Le premier enseignement à tirer de cette crise est donc de remettre en question le dogme associant performance et faible intervention publique. Rappelons qu’à la fin du XIXe siècle l’économiste Leroy Beaulieu estimait que des prélèvements obligatoires supérieurs à 10-12% du PIB conduiraient à la ruine. Dans les années vingt, c’est Colin Clark qui réévalue à 25% ce seuil fatidique. Enfin dans les années soixante-dix, la fameuse courbe de Laffer inspirera les programmes néolibéraux de Reagan et Thatcher, et tel un virus, contaminera les politiques économiques de la plupart des pays dont les politiques se concentrent sur la réduction des impôts et des dépenses publiques. Rappelons aussi que partout, et sur la longue période, le développement économique s’est accompagné d’une augmentation du poids des dépenses publiques et que les pays pauvres se caractérisent notamment par le faible poids de ces dépenses.
Pas de visibilité, pas de valeur marchande ; pas de valeur marchande, pas de rémunération
La crise réussit ce tour de force de montrer à la fois l’importance des invisibles – en particulier des femmes et du lourd tribut qu’elles payent – dans le fonctionnement d’un pays en situation de crise et la faible considération qu’on leur accorde au regard notamment de leur rémunération. La question qui ne laisse de nous hanter pourrait bien être : à quoi peut bien tenir ce peu de considération ? N’est-ce pas d’abord au fait que c’est à la « reproduction et au maintien de la vie » et de nos conditions d’existence plus qu’à la fonction de production proprement dite que ces invisibles sont employé·e·s ?

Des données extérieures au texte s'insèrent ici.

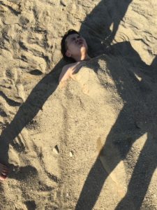 炎天下でのビールに肉は最高の一言!・・・・・・・、ん?・・・、BBQの写真ではない?あーーーーー、これはBBQ後既に酔っ払いパンツ1丁で海に浸かり砂に埋もれたがっていたので埋めた写真ですね(笑)ちなみに酔っ払ってしまった時のキンキンに冷えたかき氷は格別なので是非お試しあれヽ(´▽`)/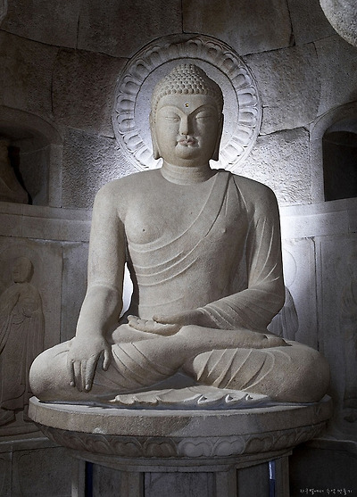 ▲ 윗쪽에 보이는 건물이 석굴암입니다.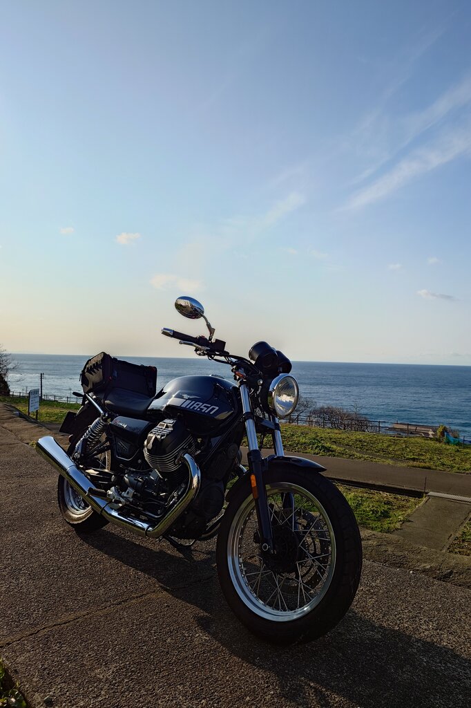 (モトグッチには、海沿いの高台がよく似合う。有名観光地や名勝ではなく、日常の何気ない風景がこのバイクにはピッタリ。)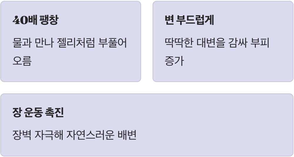 우리가 먹는 이 가루의 가장 큰 특징은 수분을 흡수하는 능력입니다. 가루 상태일 때는 아주 작지만, 물과 만나면 무려 40배나 팽창하여 젤리처럼 끈적하고 부드러운 덩어리로 변합니다. 이것이 장 속으로 들어가면 딱딱했던 대변을 부드럽게 감싸고 부피를 크게 만들어줍니다.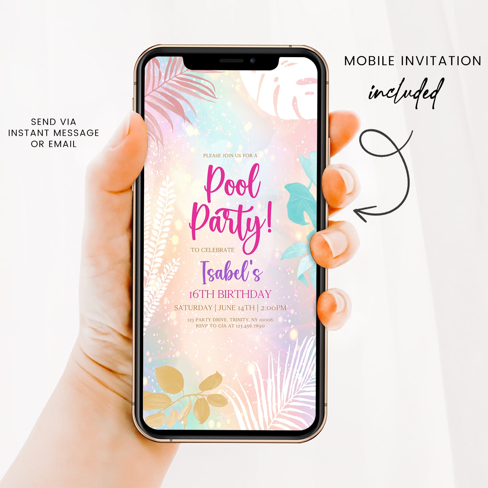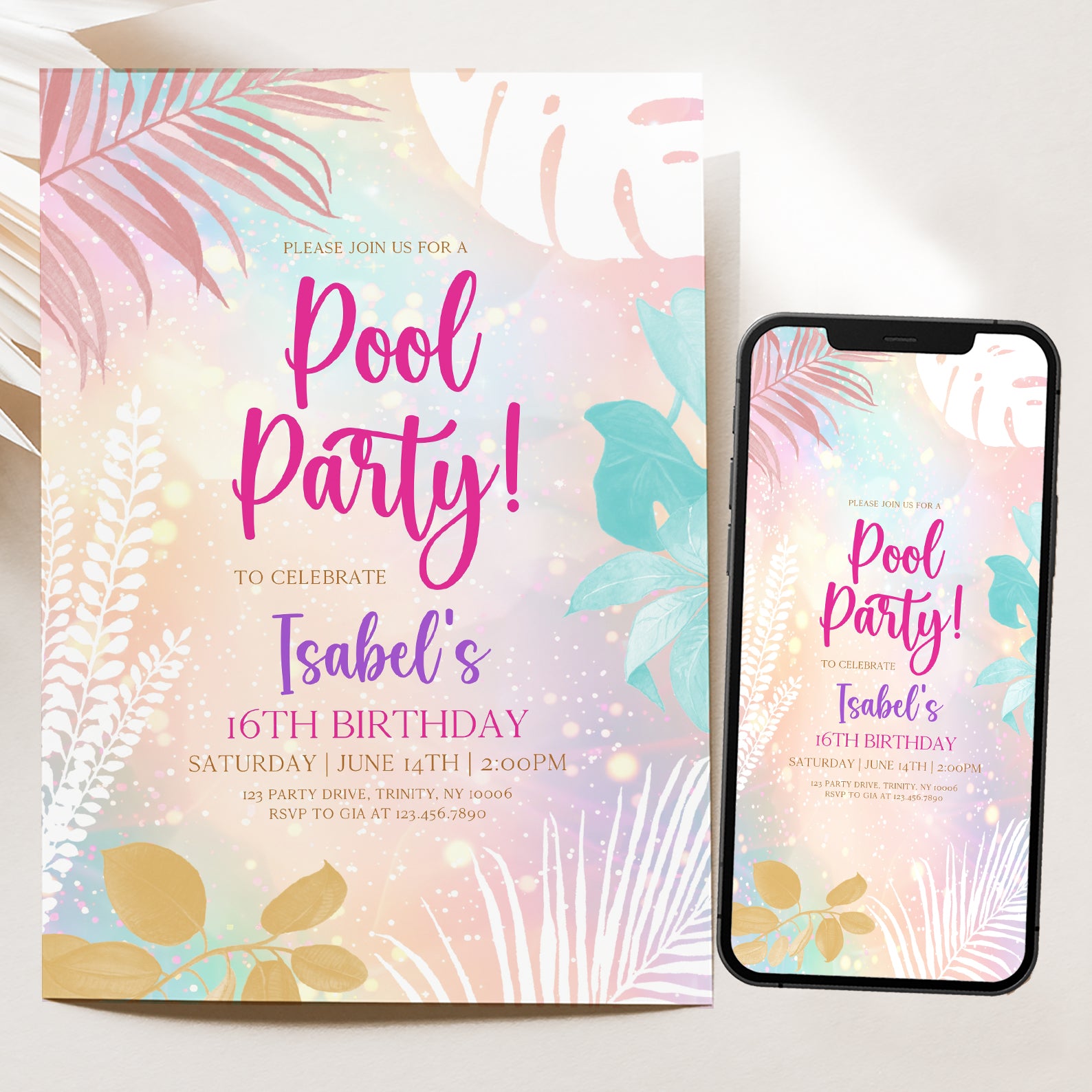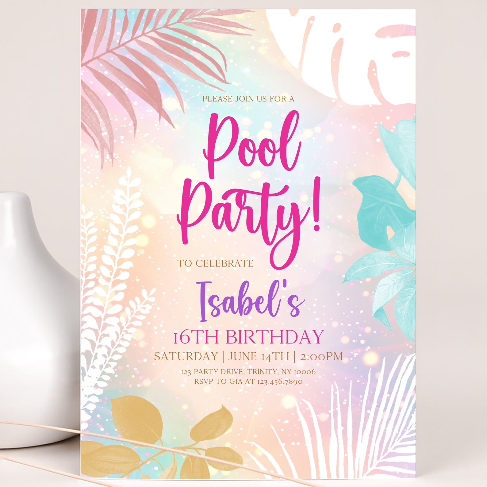 Pool Party Summer Birthday Digital Invitation with Pine Leaves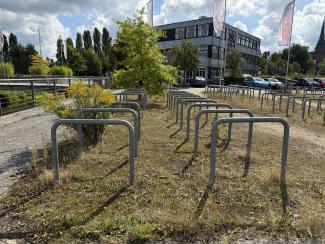 Guten Tag, die Fahrradbügel hinter Bruno Kleine sind teilweise zugewachsen.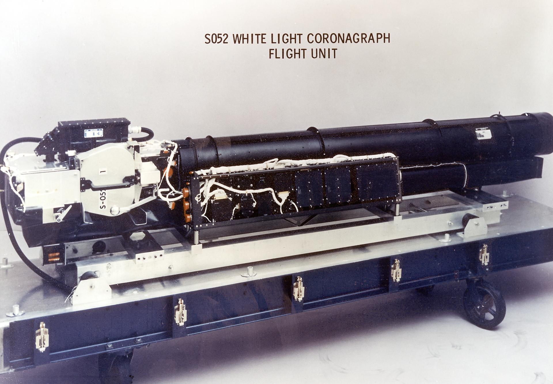 This 1970 photograph shows the flight unit for Skylab's White Light Coronagraph, an Apollo Telescope Mount (ATM) facility that photographed the solar corona in the visible light spectrum. A TV camera in the instrument provided real-time pictures of the occulted Sun to the astronauts at the control console and also transmitted the images to the ground. The Marshall Space Flight Center had program management responsibility for the development of Skylab hardware and experiments.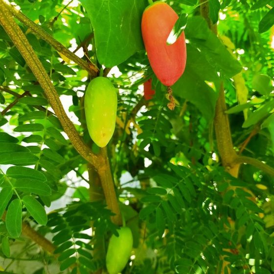 แต่ก็มีพืชบางชนิดนะครับ ที่พอจะออกดอกออกผลให้เก็บกินได้บ้าง โดยที่เราไม่ต้องไปจัดการอะไรกับมัน อย่างหนึ่งก็คือต้นกระถินข้างทาง ที่อยู่ในช่วงติดฝักแก่ฝักอ่อนให้เก็บได้ แล้วก็ต้นคูน หรือราชพฤกษ์ (Cassia fistula) ที่ทางราชการปลูกเรียงรายเป็นไม้ประดับไว้ริมถนน ออกดอกเป็นพวงระย้าสีเหลืองสดทั่วทุกมุมเมืองเวลานี้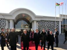A guard of honor was lined up for the Prime Minister at the Heydar Aliyev International

Dit autrement, et en bonne orthodoxie économique, c’est leur distance relative à la production de richesse marchande – la seule à laquelle nous soyons disposés à accorder de la valeur – qui d’abord les rend invisibles. Si le soin est un humanisme comme s’emploie à nous le rappeler Cynthia Fleury, c’est d’abord pour soigner l’incurie du monde. Cela relève du jeu des rapports de force et il faut bien admettre qu’un grand nombre d’inégalités découlent d’abord de ces derniers, bien plus que de la question d’une juste contribution à la production de valeur.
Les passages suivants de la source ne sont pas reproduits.